The proposal harks back to a traditional Balinese festival when everything is switched off and shut down for 24 hours, to try to persuade demons that the island is uninhabited and thus without fresh souls for them to steal.
“We learn from our ancestors to respect the wishes of nature,” said Bhagawandwija, a 63-year-old priest who has been handing out leaflets outside the international climate change conference taking place here.
“Imagine if all the countries in the world observed one day of silence!”
Tourism Minister Jero Wacik said many locals on this resort island, which has long attracted visitors from around the globe, believe the world should copy the festival’s silence.
“Many people in Bali propose that if possible the world has a silent day – not working, all electricity off,” he told reporters. “We save one day.”
In the island’s rich Hindu heritage, the Nyepi festival is the time when evil spirits return to Earth. To persuade them there are no souls left to haunt, Bali shuts down almost entirely.

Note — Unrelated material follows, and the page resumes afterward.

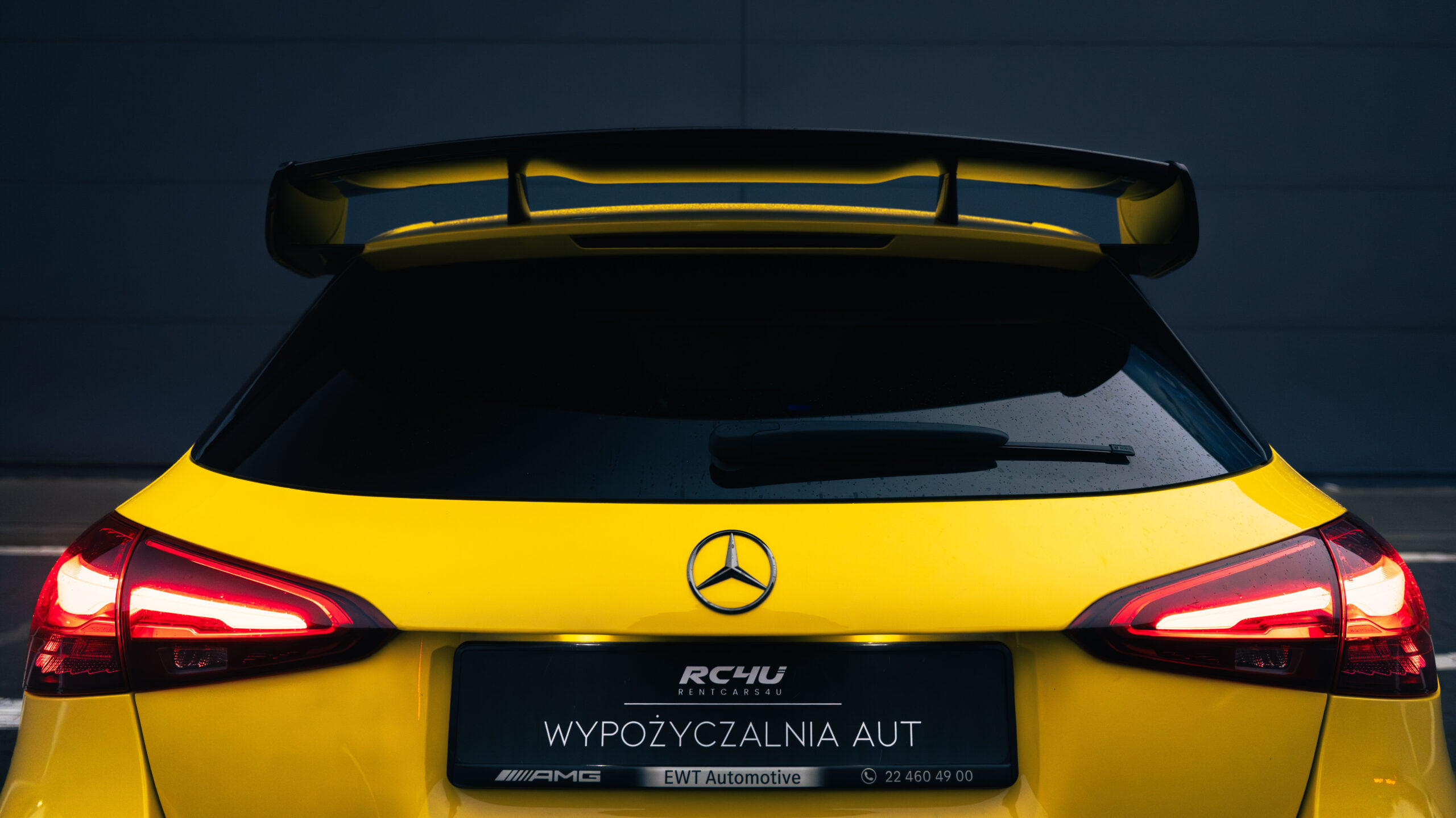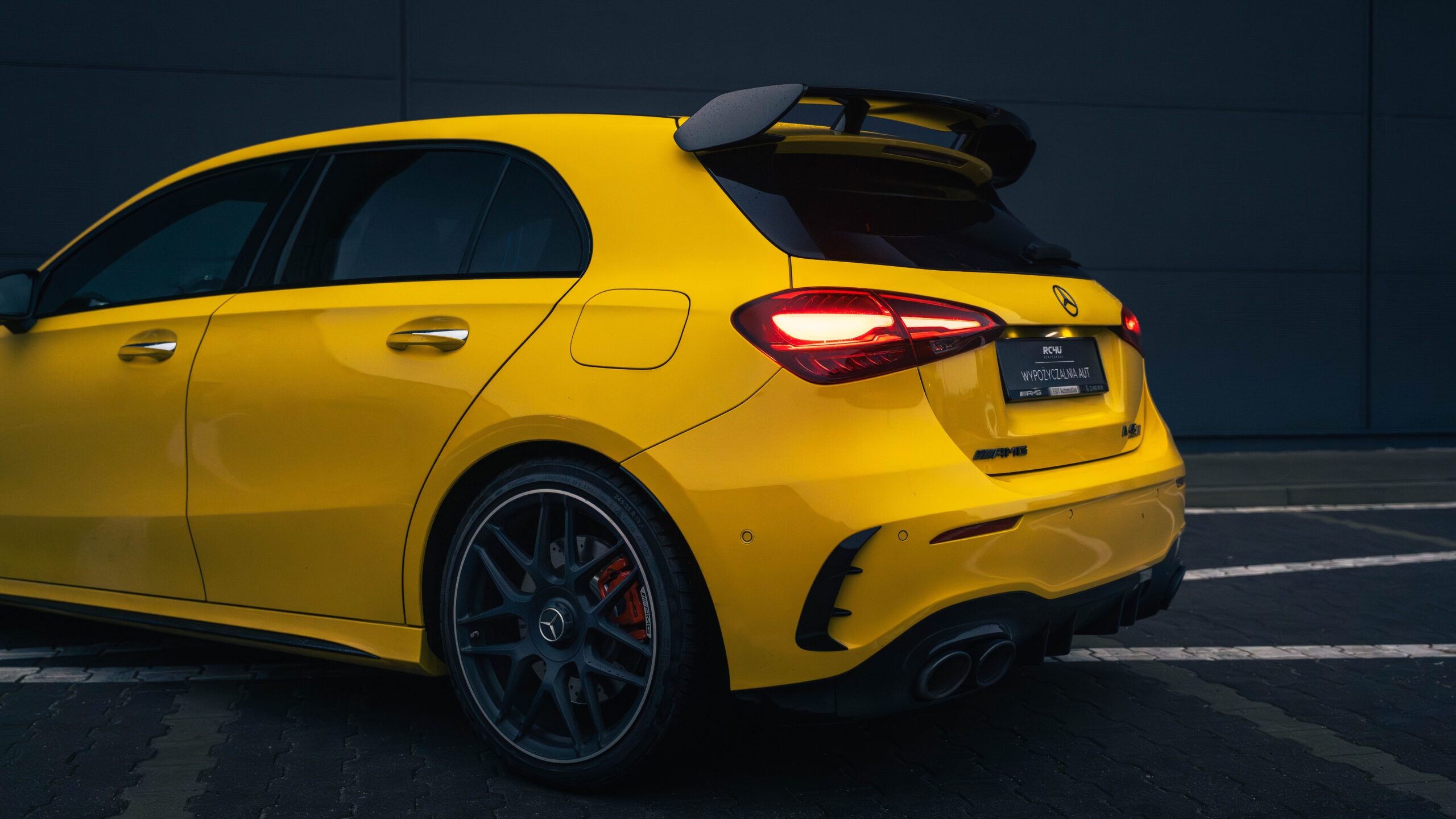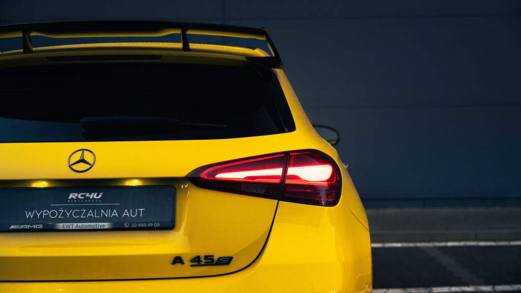 Mercedes-AMG A45 S to kompaktowy model o wyjątkowej dynamice i precyzyjnym prowadzeniu. Mocna jednostka AMG, szybka reakcja na gaz i zaawansowany napęd 4MATIC+ zapewniają stabilność w wymagających warunkach. Wnętrze oferuje sportowe fotele, nowoczesny system multimedialny i intuicyjny kokpit, co sprawia, że samochód świetnie sprawdza się w wynajmie do jazdy miejskiej i pozamiejskiej.

All restaurants and discos close, to the great annoyance of tourists, who do not realize they are being protected from malignant forces.
Airliners are grounded and the roads are deserted. It is forbidden to turn on lights, make a fire – or even make a noise.
If that seems too drastic a measure to take, local newspapers have been stressing to conference delegates the concept of “Tri Hita Karana,” or the need for harmony with the environment.
According to another Balinese custom, anyone who cuts down one tree is obliged to re-plant 10, said Ida Pedanda Gede Ketut Sebali Tianyar Arimbawa, president of Indonesia’s highest Hindu authority.
He too is convinced that ancestral traditions can provide solutions to the woes of global warming – and points to the subaks or traditional irrigation systems that have watered Bali’s rice terraces for centuries.
The 1,200 subaks in Bali allow water, which comes mainly from four high-level lakes, to flow gently downhill between paddy fields laid in terraces and bordered by irrigation channels.
“The subak is the best irrigation system in the world,” he says.
And even after our lives have ended, we can still make a difference.
Cremation, he says, is simply “the best way of returning to nature.”